The results of CW Capital’s $3.2-billion bulk sale of seriously troubled CMBS conduit loans began to filter through servicer reports, according to a research piece written by Jeffries. As of the February servicer reports, 77 loans from 12 fixed-rate CMBS conduit transactions had a current balance at disposition of $2.15 billion. Only 2 of the 77 loans were liquidated at no loss. Of the 75 other loans, the average loss severity was 54%. One property, Pheasant Run Resort, experienced a loss of 100%; the sales proceeds of $5.65 million were insufficient to pay accrued interest and costs. In terms of dollars, the highest loss severity was incurred by the Hyatt Regency – Jacksonville, Florida, which sustained a loss of $118 million on a loan that carried a principal balance excluding accrued interest of $150 million.

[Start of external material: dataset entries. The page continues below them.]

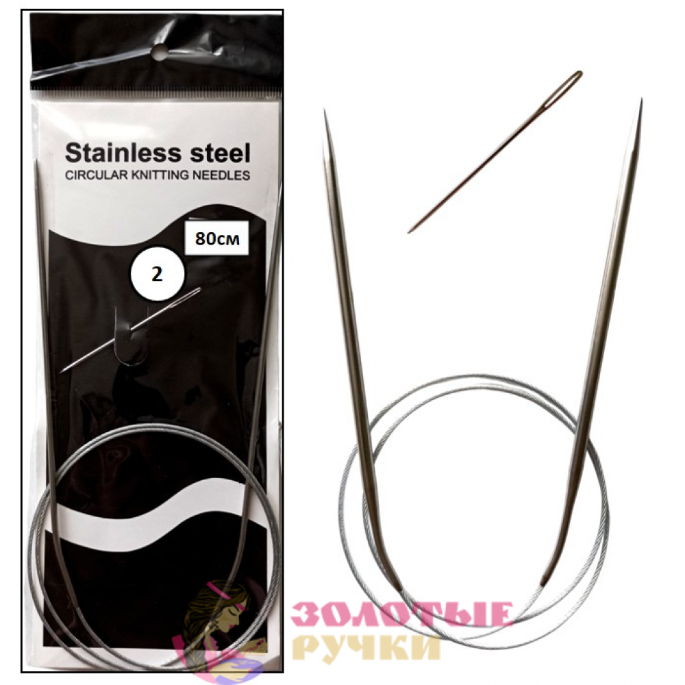 Спицы для вязания круговые металлические на тросике. Размер: 80 см. Диаметр: 2 мм
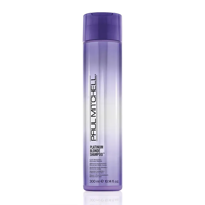 Wet hair. Lather Paul Mitchell Blonde Platinum Blonde Shampoo™ and allow to remain on hair for 1-5 minutes. Rinse.
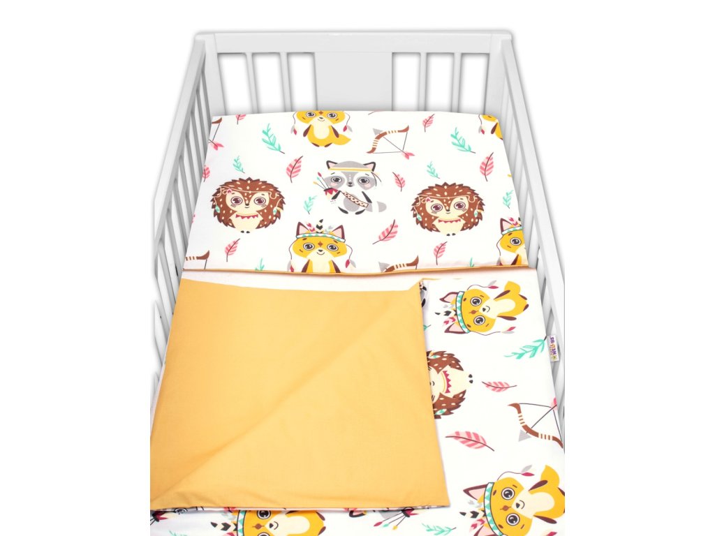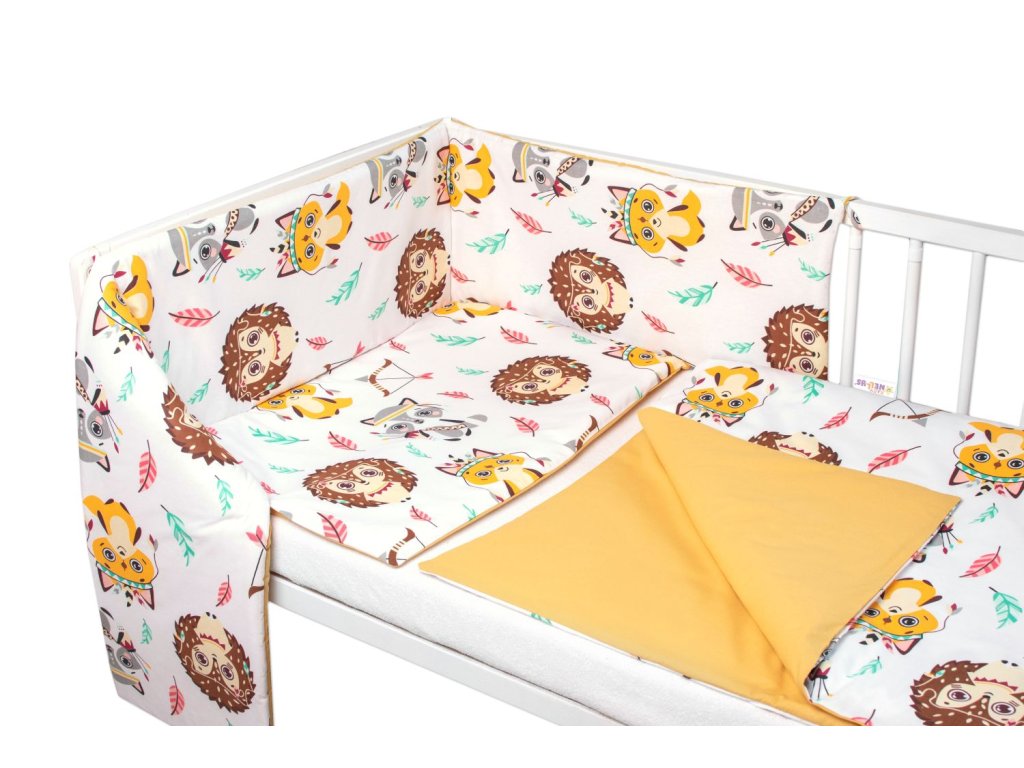 Baby Nellys 3-dílná sada Mantinel s povlečením-Ježek a Liška, bílá s potiskem/hořčicová
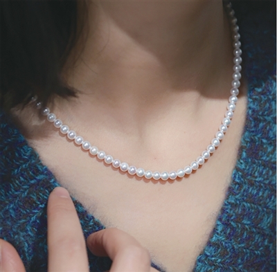 比如直播间会为大家带来的五星欧若拉级中米珍珠项链。4~5mm的中米点位市面上比较少,可以单戴,也可以叠戴,非常好搭配。

Despite these seemingly depressing results, 40 of the sold loans resulted in proceeds that were in excess of their most recent appraised values, Jeffries noted. The fact that 40 of these sales reaped higher proceeds than recent appraisals underscores the recovery that continues in the commercial properties markets, assisted in large part by the depth of the current bid for distressed loans and assets and plentiful/cheap sources of debt.
Based on the overall positive results of the sale, additional sales may hit the market, as sentiment is that selling distressed assets today may be more feasible than waiting for further increases in value given the substantial costs to carry distressed assets.